Dataset records
┌──

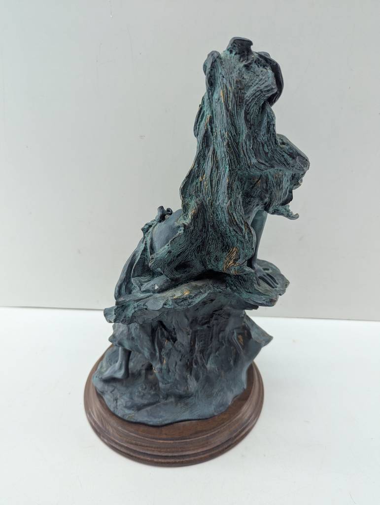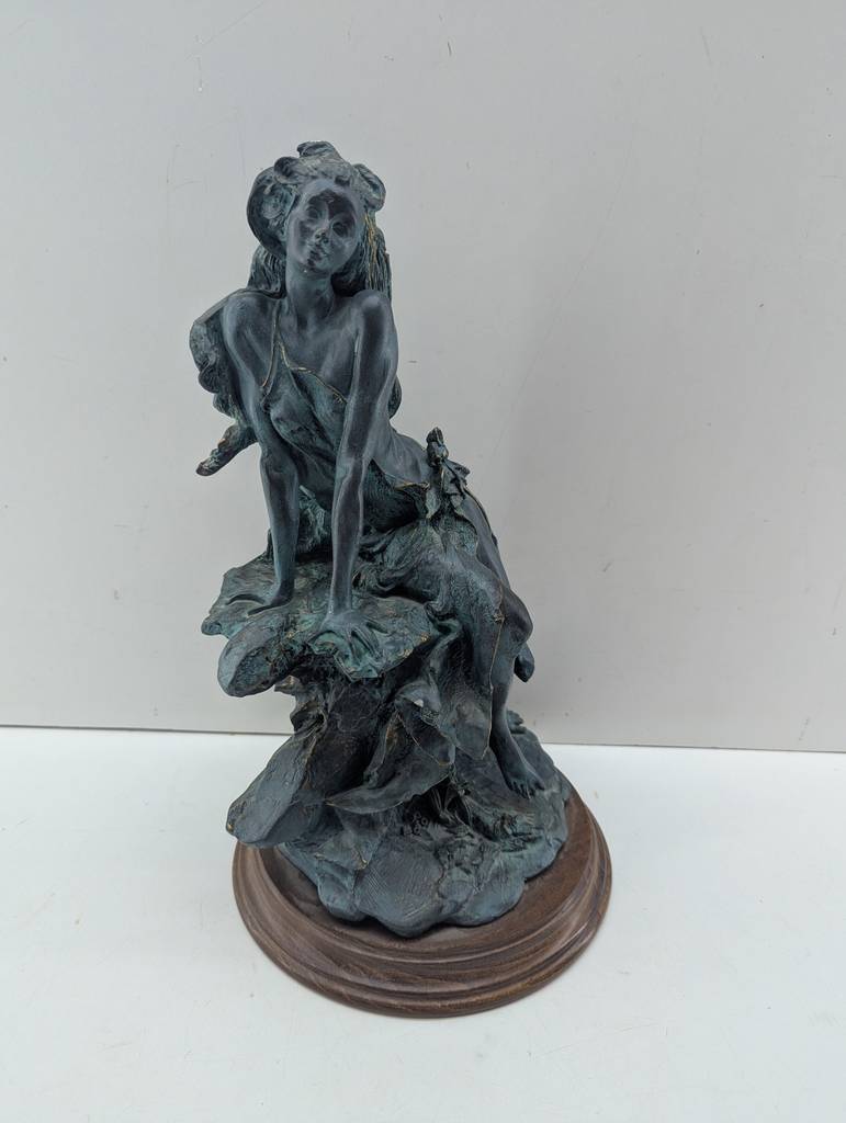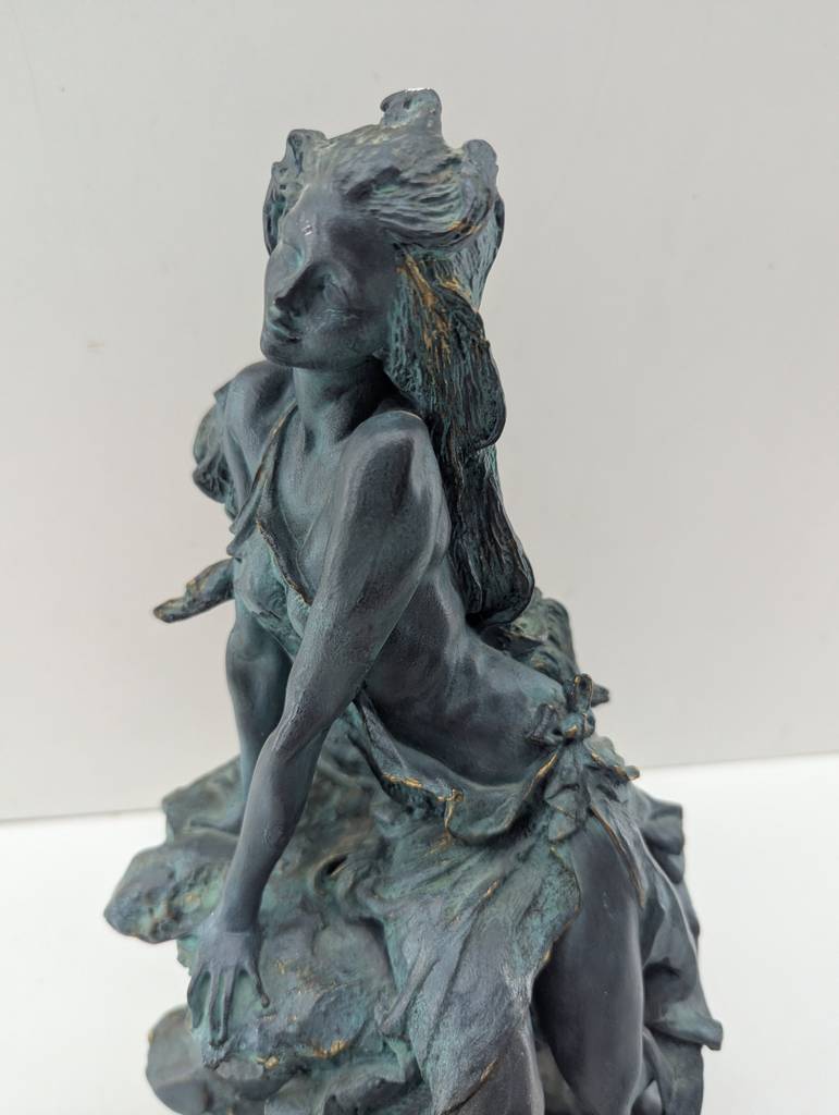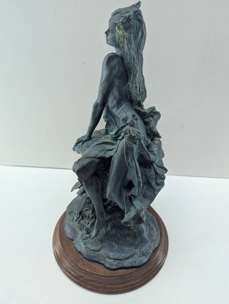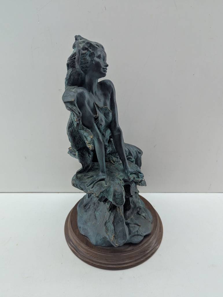 Escultura de resina de color negro con una peana redonda de color marrón oscuro. Se trata de una escultura o figura creada con resina de buena calidad que representa a una mujer de pelo largo sentada en una roca de manera sugerente. Es una figura muy bonita que resulta perfecta para colocarla en un salón comedor a modo decorativo. Como se puede observar en las fotografías se encuentra en buenas condiciones.
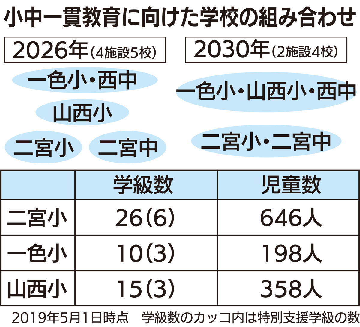 26年度に二宮西中を一色小に統合し、施設一体型の小中一貫校をつくる。山西小は西中と、二宮小は二宮中と組んで施設分離型の一貫校に。30年度からは山西小を一色小へ、二宮小は二宮中へ統合。必要に応じて学校施設の改修工事も同時に進めていく。
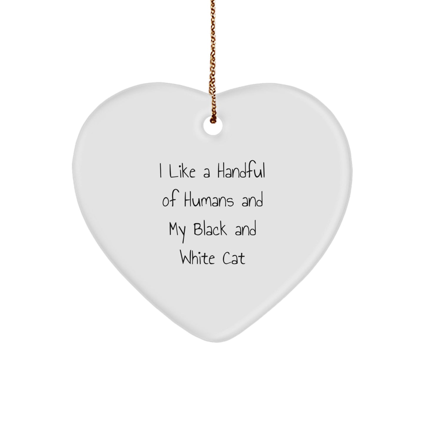 - This lovely Heart Ornament makes a thoughtful gift for friends and family, especially those who love Black and White Cats, with the quote 'I Like A Handful Of Humans And My Black And White Cat' adding a personal touch.
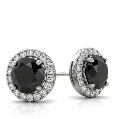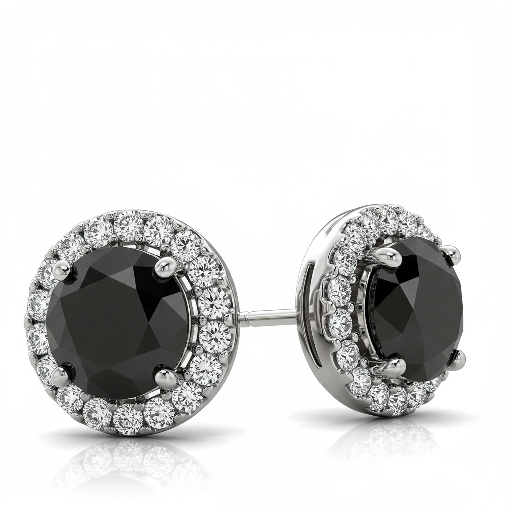 These elegant Black Diamond Stud Earrings capture sophisticated minimalism and modern luxury. Crafted in luminous 18KT white gold, each earring features a striking 5.0mm round Fancy Black diamond at its core. This central gem is dramatically framed by a delicate halo of brilliant G-color accent diamonds set in micro-pave. The meticulous VVS clarity side stones enhance the depth and brilliance of the overall design, making these studs an exquisite accessory. Perfect for adding a touch of edgy glamour, these high-quality studs transition effortlessly from daywear to evening chic.
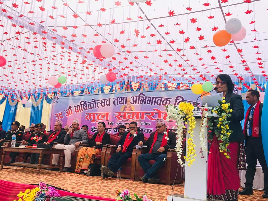 सो अवसरमा विद्यार्थीहरूले गीत, नृत्यसंगै पिटीको प्रस्तुति देखाएका थिए भने उत्कृष्ट शिक्षक शिव पौडेल र दुर्गा पन्थी तथा कर्मचारी रामु गैरेलाई सम्मान गरिएको थियो ।
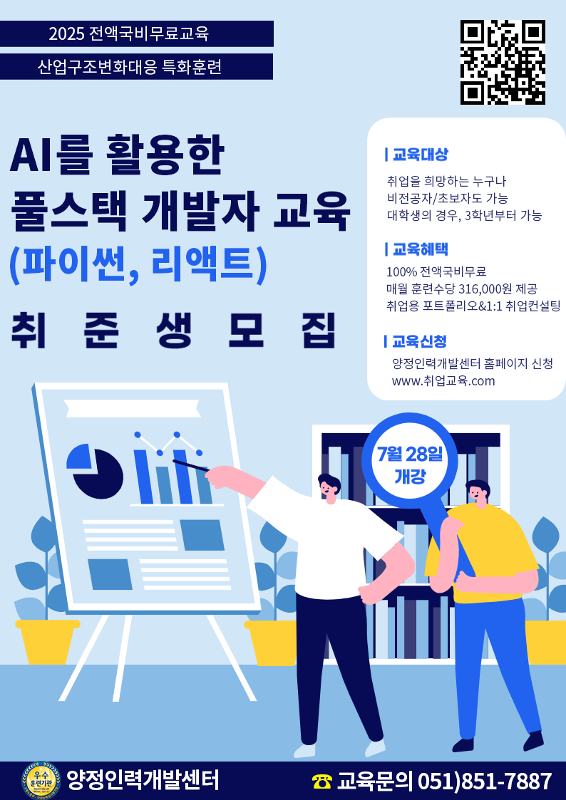 [전액국비지원] AI 활용 풀스택개발자(파이썬, 리액트, 데이터분석) 취업교육생 모집
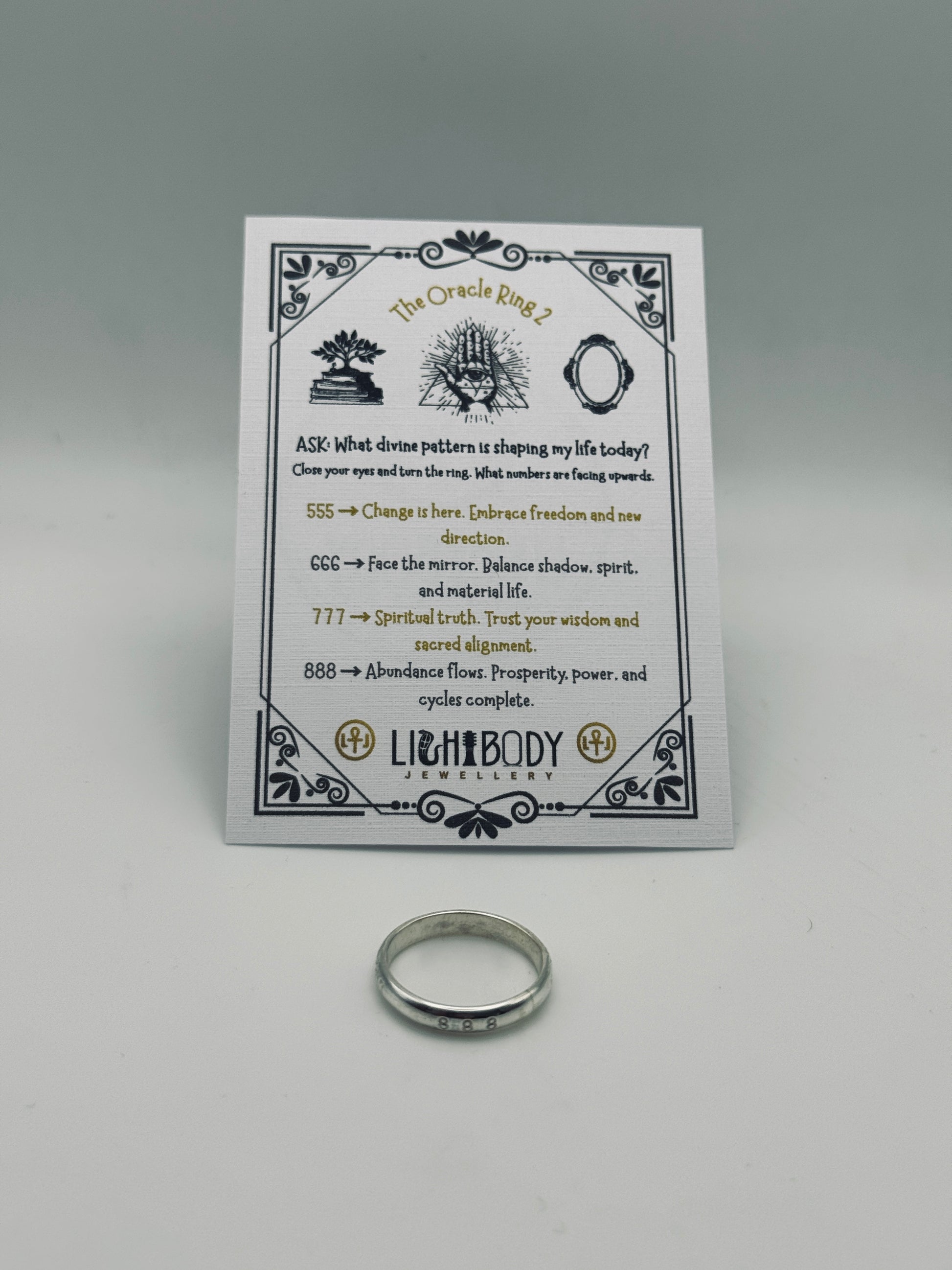 Your ring is paired with a wallet-sized Oracle Card,
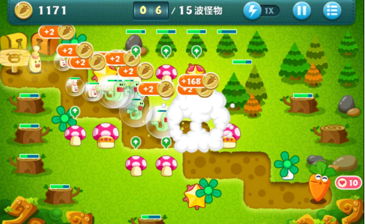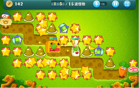 这一关中,通往萝卜的路径格外短,巨怪与飞行怪的出现频率相当高。由于总关卡仅有15关,玩家得在有限的关卡里完成炮塔的初步部署,避免怪物溜走。另外,关卡初始配备的道具数量不少,可要是不对提供的炮塔进行升级,其伤害值会很低,所以刚开始选择何种道具进行布置,就需要玩家好好思考一番了。
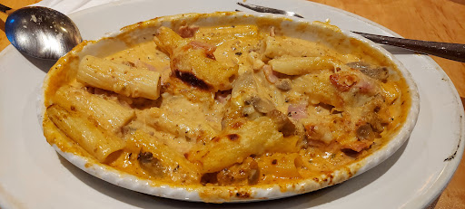 Read moreDie Pizza ist leider überhaupt nicht luftig. Die Tomatensoße ist sehr dominant. An Mozzarella hab ich Zweifel, eher Emmentaler mit etwas anderem gemischt. Das Knoblauchbrot ist einfach nur ein altes, nicht mal knuspriges, Baguette (nicht gebacken) mit ganz guten Knoblauchöl. Aber man sieht leider überhaupt nicht, dass es im Ofen war. Die Nudeln sind ganz ordentlich (al dente). Leider schmeckt auch hier der überbackene Käse überhaupt nicht. Außerdem war zu wenig Gorgonzola in der sonst recht sahnelastigen Soße.
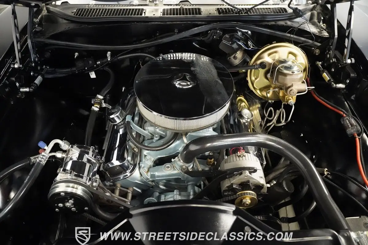 The interior, a sea of classic black, envelops you in an ambiance of vintage luxury. Luxurious leather bucket seats sourced from a late-model GTO offer a front-row seat to the road ahead, while the rear passengers enjoy the comfort of another pair of leather trimmed bucket seats. A custom console with cup holders houses JBL sound with Bluetooth controls and a Hurst shifter before sweeping up to house a Pioneer touchscreen infotainment center with remote. The custom dash face is fitted with a full set of red analog gauges by Speed Hut and a Vintage Air air conditioning system keeps the cabin cool.
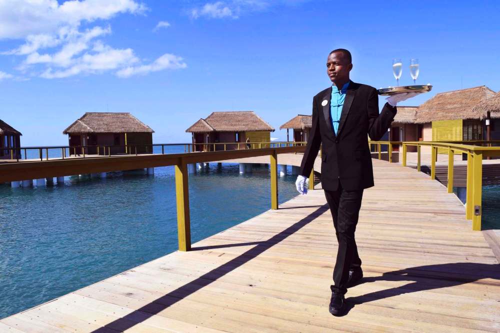 When we do decide to emerge from our over-water exile, the resort has an exclusive, private cabana on the adjacent beach just for us, five pool complexes, six à-la-carte restaurants, wide swathes of white sand and included activities from the aforementioned water-skiing, scuba and snorkelling to sailing, beach volleyball and carnival and reggae nights.
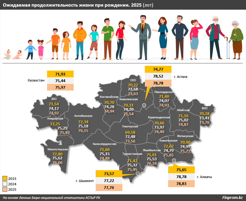 В региональном разрезе ситуация существенно различается. Лишь в 7 из 20 регионов РК показатель ожидаемой продолжительности жизни при рождении в 2025 году превышал среднереспубликанское значение.
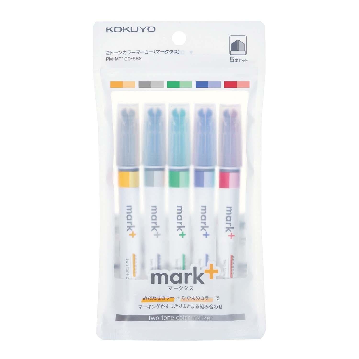 Kokuyo - Mark+ 2 Tone Subrayadores de Doble Punta | Set de 5 | Type 2
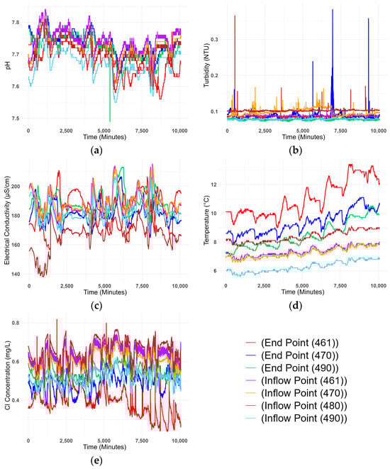 For pH, deviations were observed at End Point (490), where a sudden drop suggested acid contamination (Figure 5a). Similarly, turbidity anomalies at Inflow Point (480) revealed sudden spikes (Figure 5b). Electrical conductivity anomalies (Figure 5c) were more widespread, appearing across all monitoring stations. At End Point (461), temperature anomalies were attributed to external heat sources or operational factors, which can accelerate microbial growth and chemical reactions, posing additional challenges to water quality management (Figure 5d). Chlorine anomalies at End Point (461) were marked by abrupt spikes, suggesting sudden adjustments in disinfection processes to address destabilizing the system (Figure 5e).
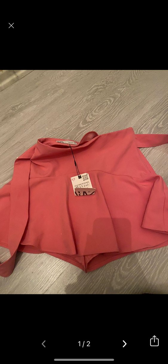 Pembe, uzun kollu, V yakalı, düğmeli ve baskılı desene sahip bol kesim mini gömlek. Sentetik kumaştan üretilmiş, günlük rahat stil için uygundur.
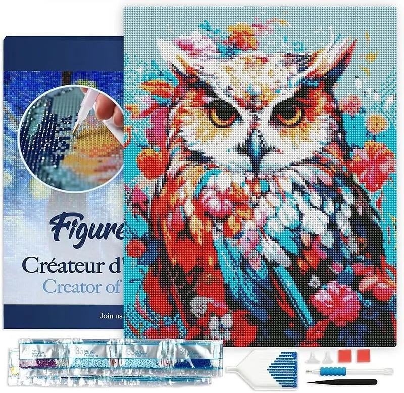 Diamond Painting 40x50 auf Keilrahmen gespannt FiguredArt Bunte Eule in voller Blüte - Größen: 40 x 50 cm - Steine: Eckig Dieses Diamond Painting Set enthält alles notwendige um Ihr Kunstwerk zu verwirklichen. - Eine schöne Leinwand mit dem Motiv bedruckt, das...
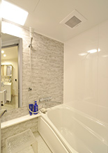タイル貼りのお風呂からお手入れが簡単なユニットバス(TOTO/マンションリモデルWFシリーズ)に。浴槽も洗い場も広がり、ゆったりリラックスできます。
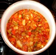 Если у вас сухая фасоль – её нужно замочить на ночь, затем отварить до полуготовности 30-40 минут и выложить в суп перед овощной зажаркой.
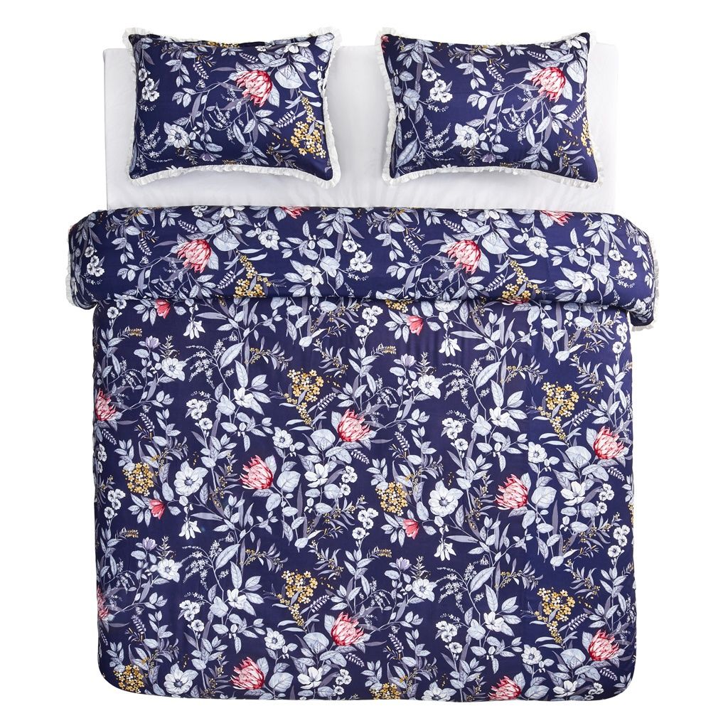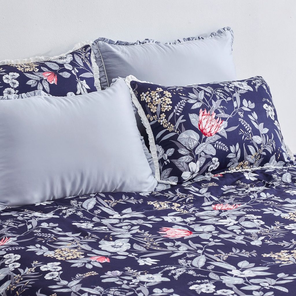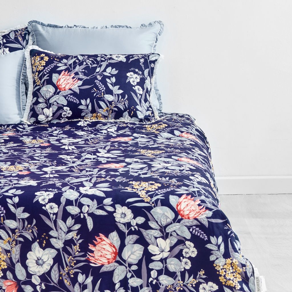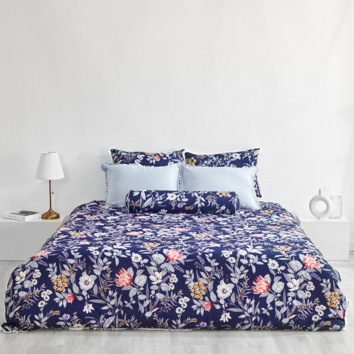 Bộ chăn ga EPM21071 chắc chắn sẽ mang đến cho bạn cảm giác đó. Điểm nhấn của bộ chăn ga là những bông hoa King Protea – quốc hoa của Nam Phi với màu hồng cam nổi bật, hòa quyện trong những chùm hoa nhỏ li ti. Hình ảnh hoa lá đua nhau khoe sắc trên nền vải xanh tím than tưởng như không hợp mà lại hòa quyện vô cùng.
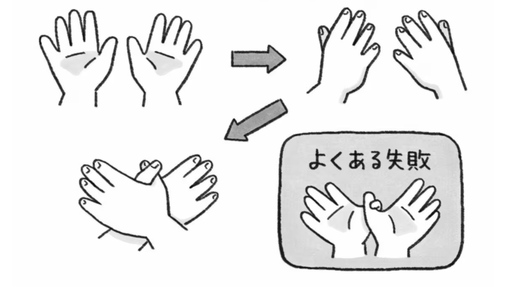 ③ Xoay tay trái và tay phải theo hướng ngược nhau, ngón cái của bàn tay trái thẳng hàng với ngón út của bàn tay phải và ngón út của bàn tay trái thẳng hàng với ngón cái của bàn tay phải. Việc bạn xoay tay theo hướng nào không quan trọng.
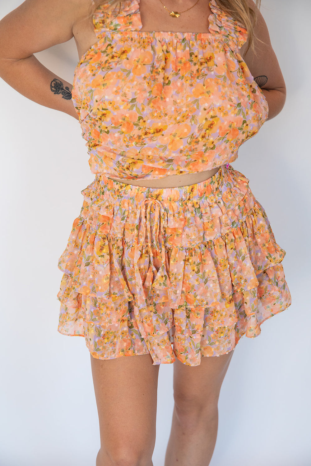 Introducing the Mila Skort with three ruffle tiers for a flouncy look. The waist tie and tassel tie give you versatile styling options, while the elastic waist and shorts lining add comfort to this ruffle skort. Look playful and chic with the Mila Skort!
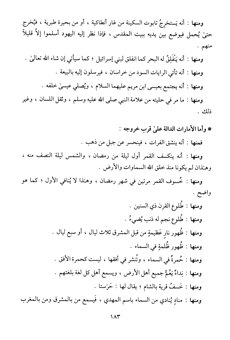 ومنها: أنه ينكسف القمر أول ليلة من رمضان، والشمس ليلة النصف منه، وهذان لم يكونا منذ خلق الله السماوات والأرض.

└──

YOUR INSTRUCTIONS — Exactly the lines from the one containing "Introducing the Mila" to the end of the records above, both end lines included, are to be printed, and no pictures with them.

OUTPUT FOR THIS EXERCISE —
 Introducing the Mila Skort with three ruffle tiers for a flouncy look. The waist tie and tassel tie give you versatile styling options, while the elastic waist and shorts lining add comfort to this ruffle skort. Look playful and chic with the Mila Skort!
 ومنها: أنه ينكسف القمر أول ليلة من رمضان، والشمس ليلة النصف منه، وهذان لم يكونا منذ خلق الله السماوات والأرض.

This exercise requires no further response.